2022–2024: The Detour

After closing the shop, I needed to move. A brief stint in insurance — I passed the licensing exam with high marks, discovered quickly that theory and sales are very different skill sets, and moved on. Then virtual assistant work. General admin at first. Then something shifted.

A client had a large product catalog on Shopify. Manual tagging. Hundreds of SKUs. They asked if anyone on the team could automate it. I said yes before I finished reading the message.

What I built wasn't from a template — there were no templates involved, there never have been. I mapped the logic from first principles, the way I'd always approached mechanical systems: understand the inputs, define the desired outputs, engineer the transformation layer.

It worked. And it was the first time I realized that everything I'd spent 14 years doing on physical machines translated directly to digital operations. The logic was the same. The domain had just changed.

2025: Fabalos Automation

In 2025, I formally launched Fabalos Automation. Not as a beginner. As someone with 14 years of automation engineering across physical and digital systems — who had been applying industrial logic to every operational context since before most current "automation experts" had built their first Zap.

The case studies went up.

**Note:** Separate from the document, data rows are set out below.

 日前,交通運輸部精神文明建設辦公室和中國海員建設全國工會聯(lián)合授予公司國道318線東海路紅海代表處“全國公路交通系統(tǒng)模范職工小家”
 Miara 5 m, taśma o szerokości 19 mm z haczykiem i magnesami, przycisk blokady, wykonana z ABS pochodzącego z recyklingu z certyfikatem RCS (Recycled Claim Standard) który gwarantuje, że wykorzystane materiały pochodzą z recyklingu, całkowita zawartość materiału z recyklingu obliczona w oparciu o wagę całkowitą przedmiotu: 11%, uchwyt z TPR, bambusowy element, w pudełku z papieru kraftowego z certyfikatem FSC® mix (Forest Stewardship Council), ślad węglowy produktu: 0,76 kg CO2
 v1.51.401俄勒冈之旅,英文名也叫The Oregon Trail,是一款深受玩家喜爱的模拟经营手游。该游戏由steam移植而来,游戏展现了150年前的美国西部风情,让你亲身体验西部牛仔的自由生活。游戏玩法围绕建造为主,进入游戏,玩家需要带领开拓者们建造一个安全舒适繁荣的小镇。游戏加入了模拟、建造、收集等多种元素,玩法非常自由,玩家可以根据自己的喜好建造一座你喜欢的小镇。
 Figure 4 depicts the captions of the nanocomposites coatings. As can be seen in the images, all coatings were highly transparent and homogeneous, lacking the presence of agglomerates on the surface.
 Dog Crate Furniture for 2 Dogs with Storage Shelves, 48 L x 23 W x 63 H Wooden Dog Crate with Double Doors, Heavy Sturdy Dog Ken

The methodology went up. And then I submitted FoxOps — an autonomous self-healing incident response system built on Make and MCP — to a global challenge.

2026: The Receipts

Top 6 Finalist. Make × MCP Global Challenge. Hundreds of entries. Six selected.

FoxOps cuts incident response time from 45 minutes to 1.2 seconds. It detects failures, matches verified SOPs via vector search, executes fixes, and logs everything — without human intervention unless required. It's not a clever demo. It's an engineered system. The same way a pneumatic transfer line at Festo wasn't a clever demo. It was an engineered system.

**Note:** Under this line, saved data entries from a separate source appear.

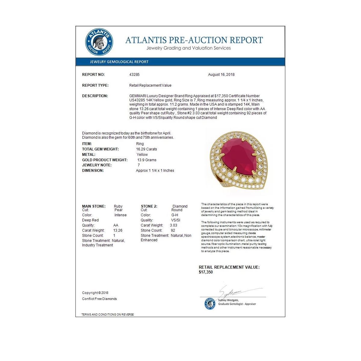 16.29 ctw Ruby & Diamond Ring 14K Yellow Gold
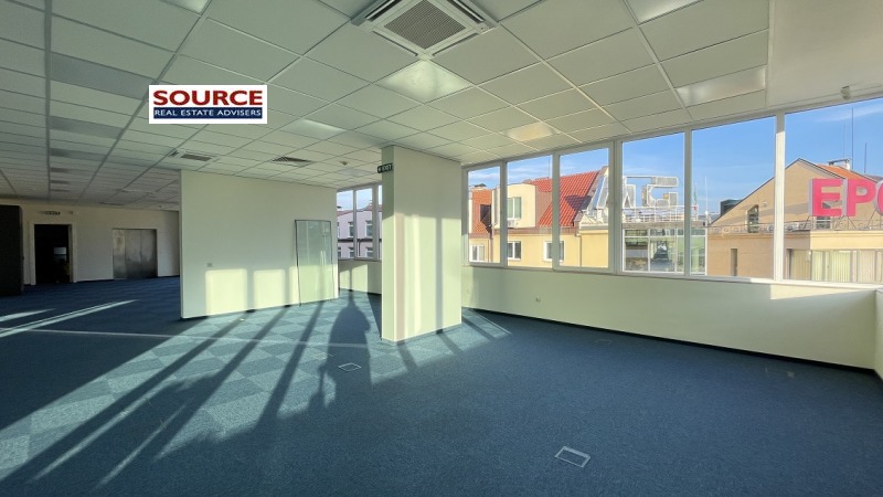 2. Разпределение: 2 големи Open space помещения, кухня, сървърно помещение, 6 wc, тераса. Офисът може да бъде допълнително преграден според изискванията на Наемателя.
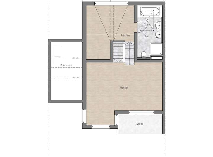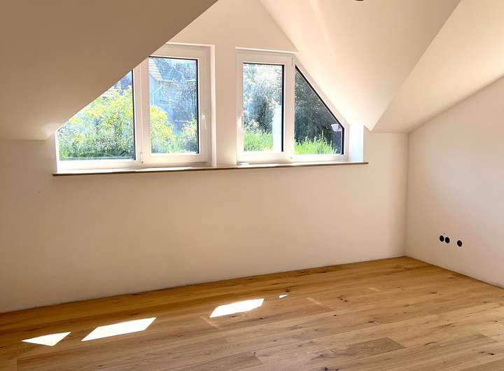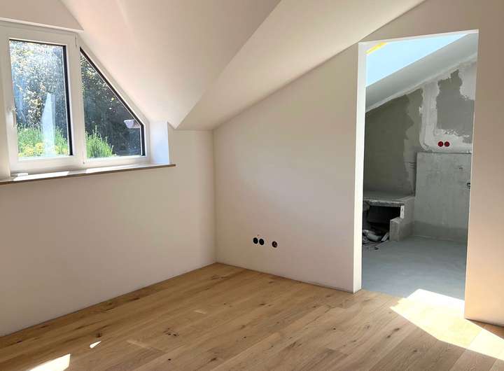 Im Dachgeschoss erwartet Sie ein großzügiger, ruhiger Raum mit charakteristischer Dacharchitektur und großen Fenstern, die eine helle und freundliche Stimmung erzeugen. Der hochwertige Parkettboden rundet das stilvolle Ambiente ab und eignet sich perfekt als Schlafzimmer. Ein En-Suite-Bad schließt sich direkt an das Schlafzimmer an und unterstreicht den besonderen Wohncharakter der Immobilie.
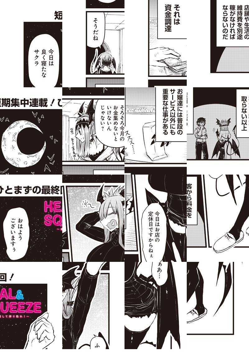妖しいお姉さんたちが誘う極上リラクゼージョンスパラウンジ「HEAL&SQUEEZE」。 至れり尽くせりの癒し体験のお代に彼女たちが要求するのは…!? 「息子がかわいくて仕方がない魔族の母親」作者の新作短期集中連載!

Impressive Automation vs. Invisible Automation

Most automation breaks silently. Engineers build for the happy path — the demo scenario where everything works. Real production systems don't live in demo scenarios.

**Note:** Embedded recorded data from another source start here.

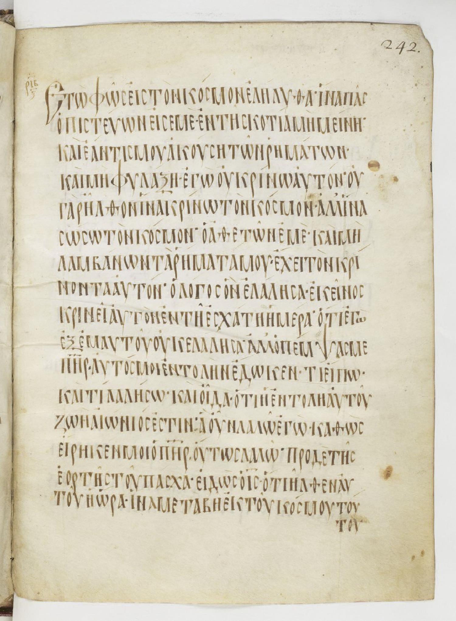 Codex Cyprius is a ninth century manuscript of the Gospels on parchment; 267 leaves, single column, 16–31 lines per column. For recent images, please visit the Bibliothèque Nationale
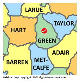 | current | ★ Approved revision 12:57, 7 June 2018 | 271 × 273 (44 KB) | Dotxinxoz (talk | contribs) | Map courtesy of [https://www.digital-topo-maps.com/county-map/kentucky.shtml Digital-Topo-Maps.com]. Copyright 2005.<br> Category:Kentucky Maps Category:Green County, Kentucky |
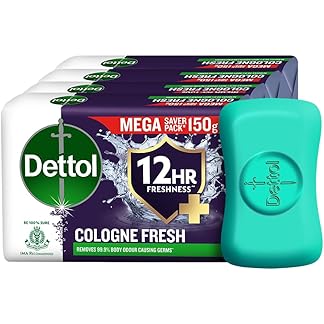 Dettol Cologne Fresh Bathing Soap Bar with 12hr Freshness 150g Pack of 4, (600gm)
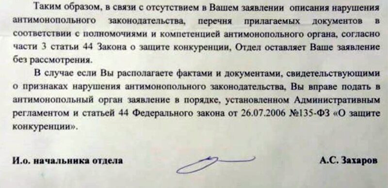Есть только отписка из ФАС на обращение, которое было сделано заявителем в прокуратуру, в связи с криминальным характером признаков возможных преступлений, которые ФАС не уполномочен и не стал рассматривать, по причине отсутствия описания нарушения антимонопольного законодательства.
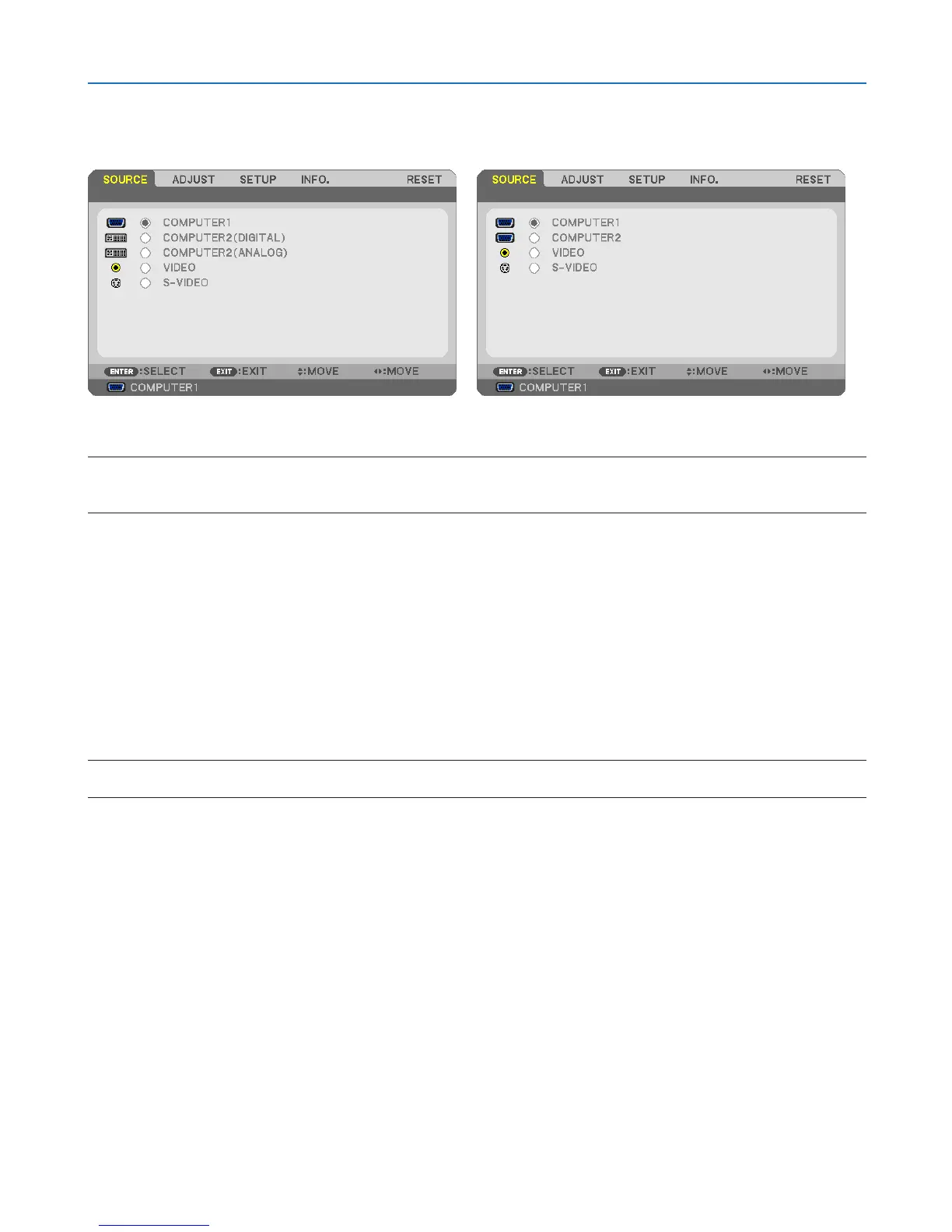 • WhenthecomponentinputsignalisconnectedtotheCOMPUTER1INconnector,select[COMPUTER1].
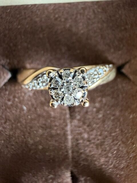 VenmoCluster diamond engagement ring and wedding band, size 5 1/2, in like-new condition, recently cleaned. These rings are yellow gold and can be resized.
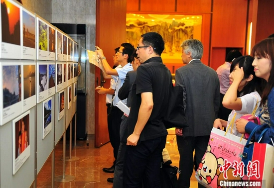 2016年9月,中国驻日本大使馆举行“镜彩中国——日本人游中国摄影大赛”颁奖典礼。影赛作品吸引众多日本民众参观。中新社记者王健摄
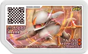 Arceus (Japanese: アルセウス Arceus) is a Grade 5 Pokémon Ga-Olé disk. It is part of the fourth Ultra Legend set.
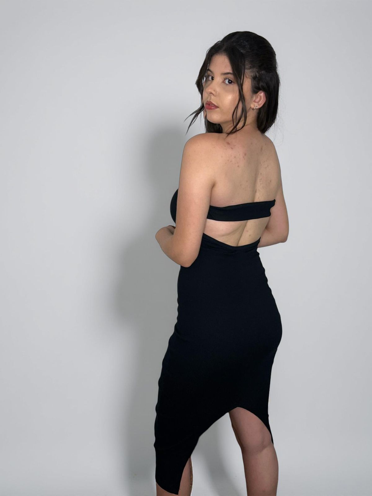 Vestido Midi tomara-que-caia costas abertas e fenda
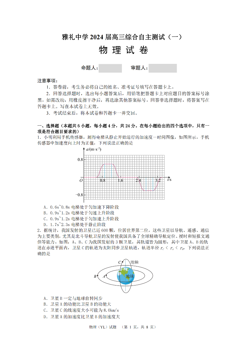 湖南省长沙市雅礼中学2024届高三下学期3月综合测试(一)物理
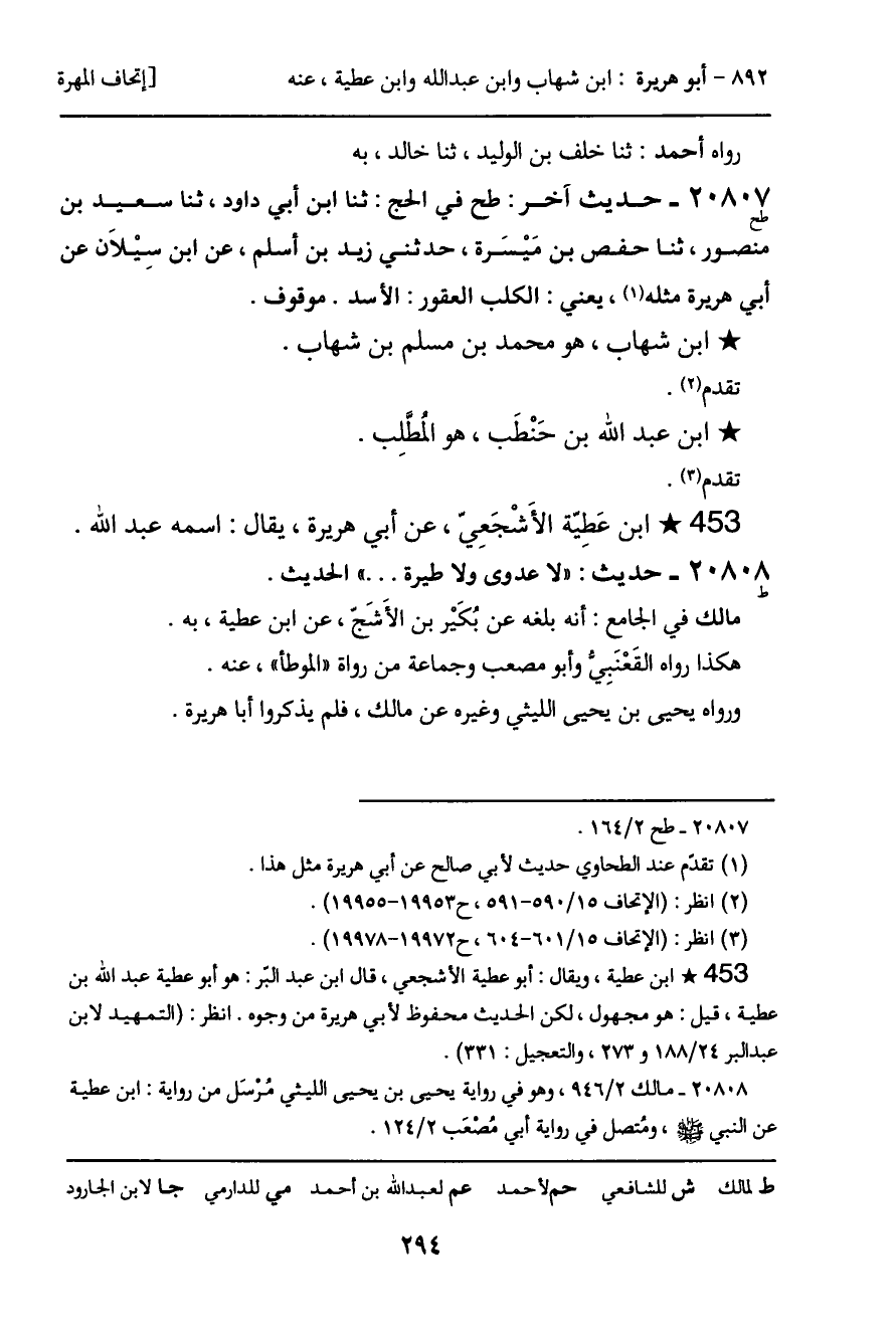 20808 - حديث (ط) : "لا عدوى ولا طيرة ... " الحديث.

I've spent 14 years designing for the failure case. For the 3am alert. For the scenario where the data stops flowing and nobody notices until the damage is done.

That's the gap between impressive automation and invisible automation. Impressive automation makes a great demo. Then it breaks. Invisible automation just runs. You don't think about it. You don't babysit it. It handles its own exceptions, alerts you when something unusual happens, and recovers before you've finished your coffee.

That's what I build. It took 14 years on factory floors, three years running a business, a pandemic, and a very roundabout path through insurance and freelancing to get here. But I got here.